The poetic equivalent of Pollack's painting has no meat, just as the paintings do not. In fact, they revel in their pointlessness and make up entire philosophies about how pointless they and everything else is (a.k.a. "postmodernism"). I'll refrain from commenting too much on how I regard postmodernism (though you can probably guess) and simply make the on-topic observation that it's really damned easy to fake post-modern poetry, whereas faking Poe is hard. Hence, this computer-generated poetry does not impress me on any level, even a technical one. One that at least matched Poe on some coherent level would.
Of course I just chose him because he is a personal favorite; there are many other poets with substance.
(Side note: I'm amused somebody bothered to mod my post "overrated"; apparently somebody's definition of "nerd" is too narrow. I may have a degree in Comp. Sci. but I can still be interested... or "anti-interested" as the case may be... in poetry, and so can other nerds.)

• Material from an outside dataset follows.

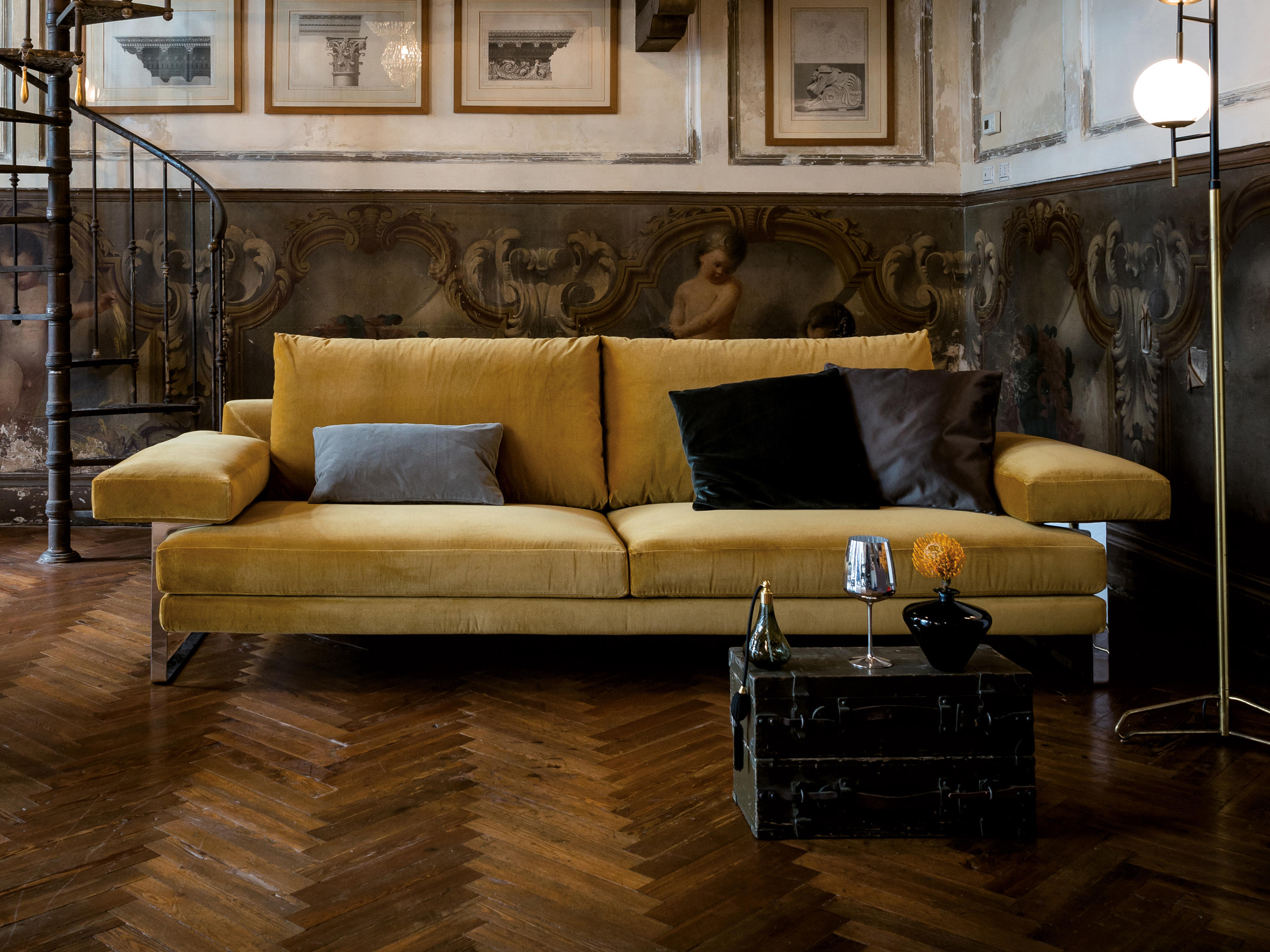 雕刻的几何线条赋予了它巨大的个性和独特的风格和最大的舒适感。超大号的座椅,后背和扶手都非常柔软。自我是20世纪80年代的沙发概念的最新阐述。脚,可在镀铬或云母褐色的金属上,支撑着宽阔的扶手。

Having read some of the generated "poetry", I think this speaks more to the pointlessness of modern poetry more then it reflects well on Kurzweil. Show me a poem with real meat, like, say, Poe wrote, and I'd be much more impressed.
Put a modern poem in front of me and some of the fully random poetry I've seen and I can't tell the difference; if a random algorithm works that well, anything can work that well. There's just no meaningful information, in the information-theoretic sense, in a modern poem of that length.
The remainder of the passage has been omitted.